How to configure client-side PDI so that files compressed using the Snappy codec can be decompressed using the Hadoop file input or Text file input step.
Prerequisites
- Pentaho Data Integration
- Snappy compressed source data (either inside or outside of HDFS)
Step-By-Step Instructions
Configure PDI to Access Snappy Native Libraries
In order to use client-side PDI to decompress files encoded by hadoop-snappy (the snappy implementation used in Hadoop) it is necessary to build and install both the hadoop-snappy JNI interface and the snappy native libraries for your platform. Instructions for achieving this can be found at:
http://code.google.com/p/hadoop-snappy/
In particular, the instructions under "Build Hadoop Snppy" should be followed. The "Install Hadoop Snappy in Hadoop" instructions should only be followed if
- You want to decompress snappy encoded files within a Pentaho map reduce job (see Using Compression with Pentaho MapReduce for more information), and
- Your Hadoop installation does not have snappy hadoop-snappy installed already (recent Hadoop distributions from Cloudera etc. are configured with hadoop-snappy out of the box)
Once you have built hadoop-snappy:
- Uncompress the hadoop-snappy-x.y.z-SNAPSHOT.tar.gz archive the build process creates somewhere on your client PDI machine
- Copy hadoop-snappy-x.y.z-SNAPSHOT/lib/hadoop-snappy-x.y.z-SNAPSHOT.jar to libext/bigdata in your client PDI installation
- Set the java.library.path property to point to the subdirectory of hadoop-snappy-x.y.z-SNAPSHOT/lib/native that corresponds to your platform
Where to set the java.library.path in Step 3 will vary depending on your platform:
- Under Linux edit "spoon.sh" in your PDI installation directory and add an entry to the LIBPATH variable
- Under Windows edit "Spoon.bat" and add an entry to the LIBSPATH variable
- Under Mac OS X edit "Data Integration 64-bit.app/Contents/Info.plist" and add "-Djava.library.path=<path to the subdirectory in Step 3>" to the string entry under the key "VMOptions"

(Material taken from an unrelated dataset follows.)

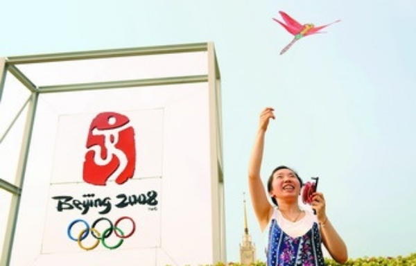 年轻的设计师王帆在北京展览馆广场放风筝。
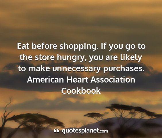 Eat before shopping. If you go to the store hungry, you are likely to make unnecessary purchases.American Heart Association Cookbook

Verifying that Snappy Decompression is Available to PDI
After following the instructions of the previous section restart PDI. If hadoop-snappy and the snappy native libraries have been installed correctly on the PDI client machine then a "Hadoop-snappy" option will be available under the "Compression" drop-down box on the "Content" tab of the Hadoop file input and Text file input steps.